Mr. Chips is the much-loved schoolmaster who devotes his life to Brookfield school and its generations of schoolboys in this poignant, classic story of a man who becomes a truly inspirational teacher.
It is 1880 when 28-year-old Latin teacher, Mr. Chipping, arrives at Brookfield School, on a term's probation. While he doesn't get off to a good start with the rowdy and ill-disciplined pupils, he eventually wins them over with his sharp, funny manner and his genuine gift for teaching. The headmaster, Mr. Wetherby, keeps him on and he soon becomes part of the fabric of the school and close friends with German teacher Herr Staefel.
Chipping settles into Brookfield life. He is a passionate teacher who does not tolerate bullying or prejudice. He is particularly supportive of those pupils on scholarships, knows each boy by name and is, in turn, respected by them. Yet he is frustrated when he is not promoted to housemaster.
While on holiday in the Lake District, he meets and falls deeply in love with Kathie. The two marry and Kathie sweeps through Brookfield like a breath of fresh air. She sets out to eliminate Brookfield's tradition of bullying, befriends the boys -- regularly inviting them to tea -- and even initiates a social evening with the local girls' school. They make a formidable team and Mr. Chipping -- now nicknamed 'Chips' -- is made housemaster of the prestigious Wellington House.
But his happiness is short-lived when Kathie and their infant son both die during childbirth. Swallowing his grief, Chips returns to the classroom but the news has already spread and the boys mourn with him.

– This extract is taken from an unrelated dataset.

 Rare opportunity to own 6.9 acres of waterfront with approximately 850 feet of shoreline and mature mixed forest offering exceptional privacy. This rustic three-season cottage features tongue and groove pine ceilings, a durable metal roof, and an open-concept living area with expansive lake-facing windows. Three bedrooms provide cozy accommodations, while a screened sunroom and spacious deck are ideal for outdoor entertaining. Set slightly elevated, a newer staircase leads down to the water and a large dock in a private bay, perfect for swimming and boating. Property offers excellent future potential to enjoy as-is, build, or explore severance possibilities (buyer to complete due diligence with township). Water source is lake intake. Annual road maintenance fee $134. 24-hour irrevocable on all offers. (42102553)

When a new head teacher, Ralston, arrives with extensive plans for modernizing Brookfield -- including introducing increased fees, the disbanding of scholarships, a modernized curriculum and the founding of an officers corps -- Chips and Staefel are unsettled.
With the outbreak of the First World War, Staefel finds himself increasingly unsettled by the anti-German feeling ebbing into the school and is forced into resigning by Ralston. Chips protests this harsh treatment of his close friend, putting his own position in jeopardy. Eventually it is Ralston who is forced to leave and the governors invite Chips to become headmaster. A beaming Chips accepts. War continues its blight on the school; Chips has to break the news to his pupils of the deaths of their fathers, family members and former pupils. The most difficult news he has to announce is the death of his old friend and former colleague Staefel. The black-edged telegrams continue to arrive and Chips creates a pictorial memorial to all those who died.
Finally the war is over and, now in his eighties, Chips is presented with the first copy of the history of Brookfield School at a celebration party. At the event packed with pupils past and present, Chips remembers years gone by and when he is introduced to a former student's daughter Kathie, he hears his own Kathie whispering in his ear.
Overcome by the day, Chips collapses and is taken to his bed. As he drifts in and out of consciousness, he hears Doctor Merivale and Rivers talking about his life, lamenting his childlessness. Chips smiles. "But I do have children, hundreds of them -- and all boys." With visions of them passing before him and with Kathie at his side, Chips gently dies.